Action item
When you reach the line with "(FVDG Boyd & PDG Queen Health Inspection)", transcribe it and each line after it through the last one below, exactly. Pictures stay out.

___ Input ___

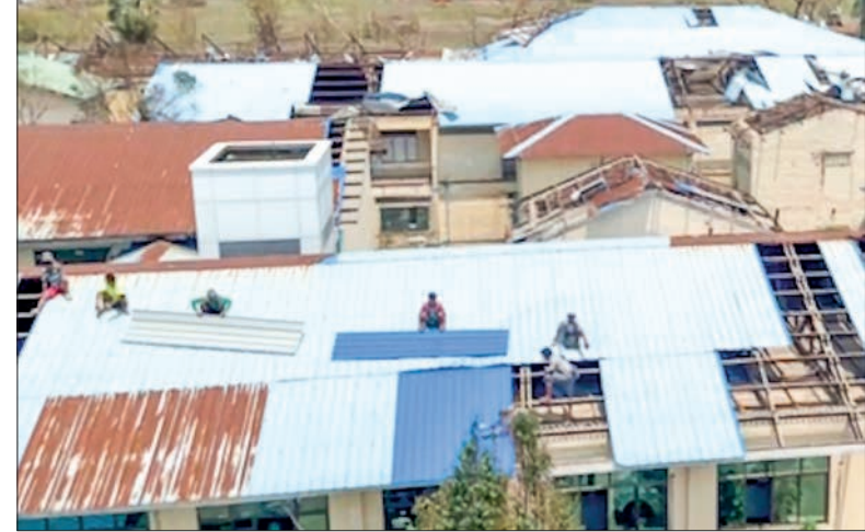
Union Health Minister Dr Thet Khaing Win inspects the status of repairing the damaged Sittway General Hospital.
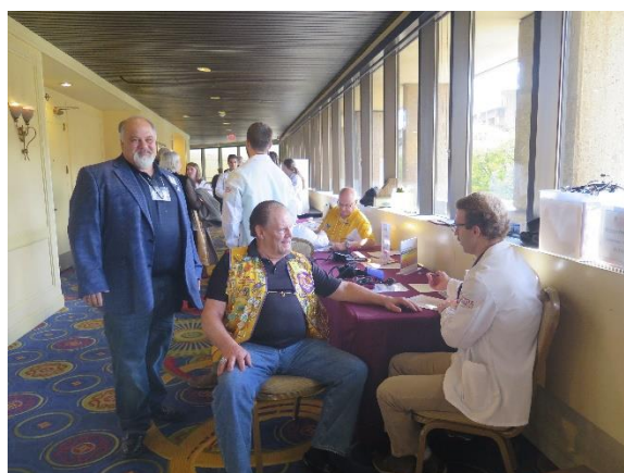
(FVDG Boyd & PDG Queen Health Inspection)
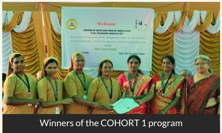
Winners of the COHORT 1 program
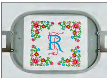
8" x 8" Hoop
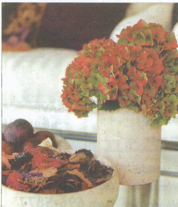
Bowls and a vase of travertine marble are souvenirs of a trip to Italy in 1988.

___

Written solution
(FVDG Boyd & PDG Queen Health Inspection)
Winners of the COHORT 1 program
8" x 8" Hoop
Bowls and a vase of travertine marble are souvenirs of a trip to Italy in 1988.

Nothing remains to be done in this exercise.